“Podemos estar fazendo história aqui hoje”, disse o apresentador John Donvan antes de mostrar à plateia que lotava um pequeno auditório no centro de convenções Moscone, em San Francisco, as estrelas da noite: Harish Natarajan, campeão mundial de debates, e o Project Debater, uma máquina dotada de inteligência artificial desenvolvida pela IBM para debater temas complexos com seres humanos. Na pauta, uma discussão sobre a concessão de subsídios públicos para ampliar o acesso de alunos à pré-escola.
E, ontem, no mais recente capítulo da medição de forças entre homem e máquina, esta levou a pior. Advogando contra a concessão dos subsídios, Natarajan foi capaz de convencer mais gente a mudar de opinião com seus argumentos, do que a máquina.
Os contrários ao subsídio eram 13% do público no início do debate, que também foi acompanhado por internautas. Este percentual subiu para 30% no final da discussão. O grupo que era a favor dos subsídios, 79% das pessoas no início da discussão, encolheu para 62% ao final. A fatia de neutros, de 8%, não mudou.
A máquina, no entanto, foi reconhecida pela audiência como tendo sido capaz de trazer mais informações que ajudaram no entendimento do assunto do que seu adversário.
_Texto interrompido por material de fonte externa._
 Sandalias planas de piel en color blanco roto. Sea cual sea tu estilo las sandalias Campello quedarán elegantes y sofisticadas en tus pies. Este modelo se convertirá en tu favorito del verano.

Com uma voz feminina e defendendo a concessão de subsídios, a máquina usou como principal argumento o seguinte: não se trata apenas de uma questão financeira, mas há também os fatores político e moral para os seres humanos. Ela impressionou a plateia ao formular argumentos complexos para justificar sua posição e citou diversos estudos que relacionam o acesso à pré-escola à queda na violência e na pobreza.
Em sua fala de apresentação, a máquina – na verdade, um sofware que roda na nuvem computacional – chegou até a sugerir o que poderia vir a ser uma linha de raciocínio de seu oponente: que os subsídios para a pré-escola tiram de outras áreas recursos que poderiam render maior impacto. O que de fato aconteceu. “Ela foi encantadora e humana”, avaliou Donvan.
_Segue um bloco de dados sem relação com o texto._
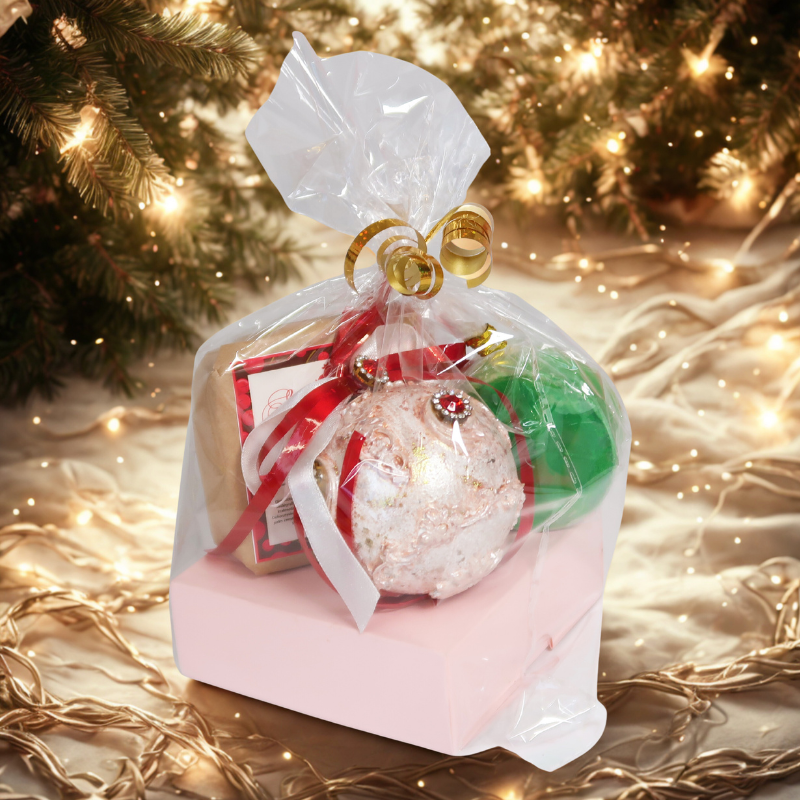Rankų darbo kalėdinės dovanos ir prabangūs dovanų rinkiniai – šventinė dovana su žvake, saldainiais ir dekoratyviniais elementais, puikiai tinkanti Kalėdoms, dovanų idėjoms ir šventinės nuotaikos kūrimui namuose.

Os competidores só ficaram sabendo do assunto que seria debatido 15 minutos antes do início da disputa e foi esse o tempo que tiveram para se preparar. O Project Debater não pôde fazer consultas a bases de dados na internet durante a disputa. Seu único subsídio foi um repertório de 10 bilhões de frases que seu sistema deveria julgar como combinar de forma a construir sua linha de raciocínio, depois de ouvir os pontos apresentados por Natarajan. O debate durou cerca de 40 minutos.
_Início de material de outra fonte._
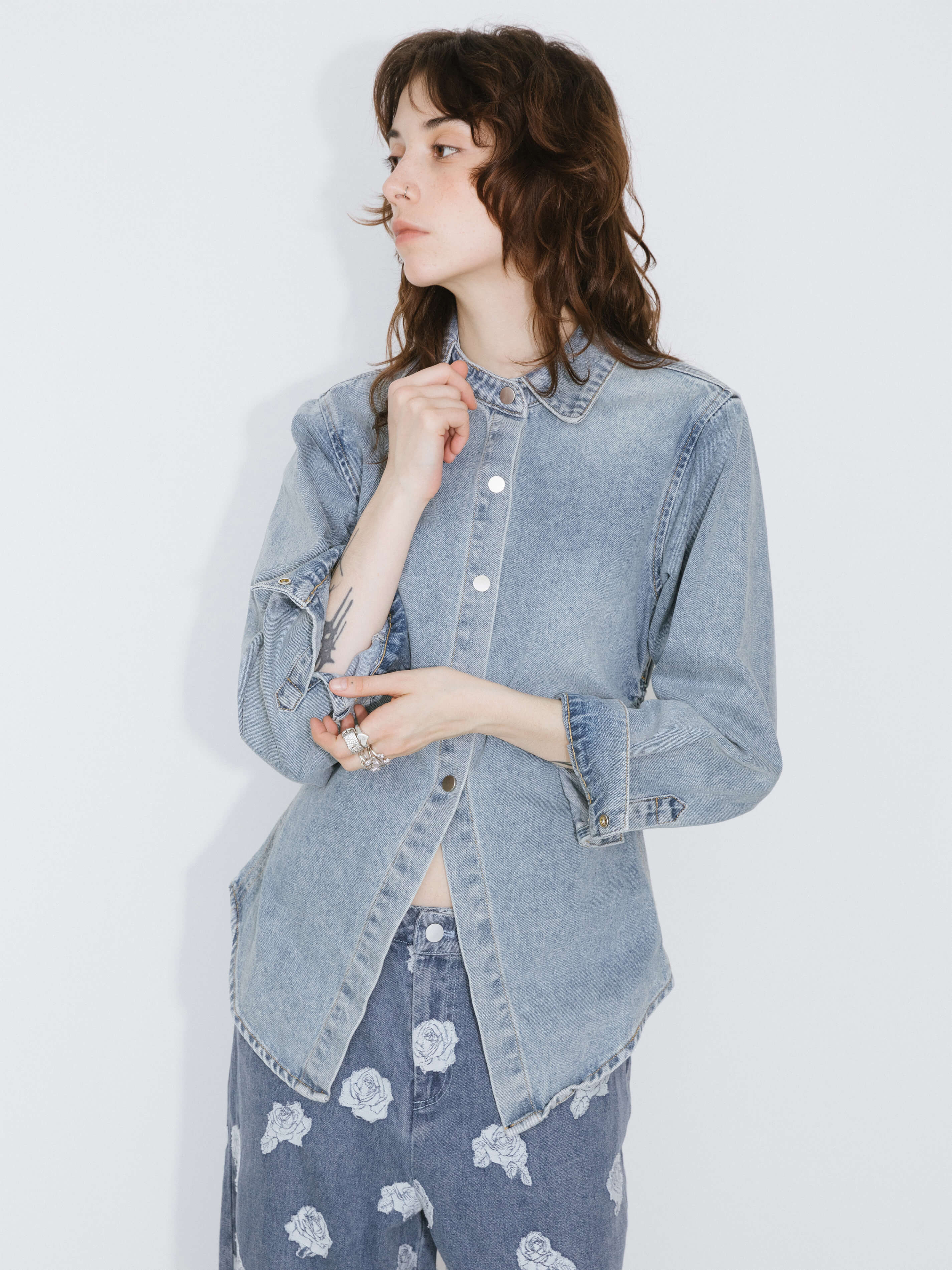 The long denim shirt in steel blue is crafted from high-quality blue denim, offering both style and comfort. Featuring long sleeves and an oversized fit, it creates a relaxed, laid-back look. The button-down design is paired with an asymmetric shirt collar, adding a modern and edgy twist to the classic silhouette. A waisted design at the waist gives the shirt a more structured, flattering shape, while maintaining its easygoing, loose fit. Combining both comfort and style, this shirt is perfect for those seeking a stylish denim shirt with a contemporary touch. The fabric composition is 100% Cotton. Model wears size S, which is UK size 8. Product Code: COBCB5015

Para Noam Slonim, pesquisador do laboratório da IBM em Haifa (Israel) e um dos responsáveis pelo projeto, um aspecto que chamou a atenção foi o fato do software de inteligência artificial ter se mantido aderente ao tema proposto durante todo o debate. Segundo ele, em testes anteriores, a máquina mudou de assunto algumas vezes e não foi capaz de retornar ao tema original mesmo com intervenções do mediador.
O evento de ontem – acompanhado por uma sorridente Ginni Rometty, a CEO da IBM – mostrou a terceira grande disputa pública entre humanos e máquinas promovidas pela IBM nas últimas duas décadas. Na mais famosa, em 1997, o computador Deep Blue derrotou o então campeão mundial de xadrez, Garry Kasparov. Em 2011, o Watson venceu jogadores humanos no programa de perguntas e respostas Jeopardy.
A inteligência artificial é uma das tecnologias estratégicas para a IBM, junto com a computação em nuvem, a análise de dados e a segurança digital. Estes temas estão sendo abordados nesta semana no evento anual da empresa, o Think, em San Francisco.
Apresentado publicamente pela primeira vez em junho do ano passado, o Project Debater começou a tomar forma logo após partida de Jeopardy vencida pelo Watson. “Recebemos um e-mail perguntando qual poderia ser o próximo passo do desenvolvimento da inteligência artificial. Depois de conversar com um dos meus colegas, enviamos uma apresentação de uma página sugerindo a criação de um sistema que pudesse debater com humanos. O projeto foi aprovado um ano depois e uma equipe vem trabalhando dedicada a isso desde então”, disse Slonim.
Perguntado sobre quanto tempo seria necessário para que a tecnologia fosse capaz de derrotar um humano, ele disse que isso poderia vir a acontecer caso se optasse por fazer um investimento nesse sentido. Mas minimizou essa possibilidade. “Estamos no momento em que a questão é colocar humanos e máquinas para trabalharem juntos”, disse. Natarajan seguiu na mesma linha afirmando que a combinação de forças pode ter um resultado “poderoso” nas tomadas de decisão.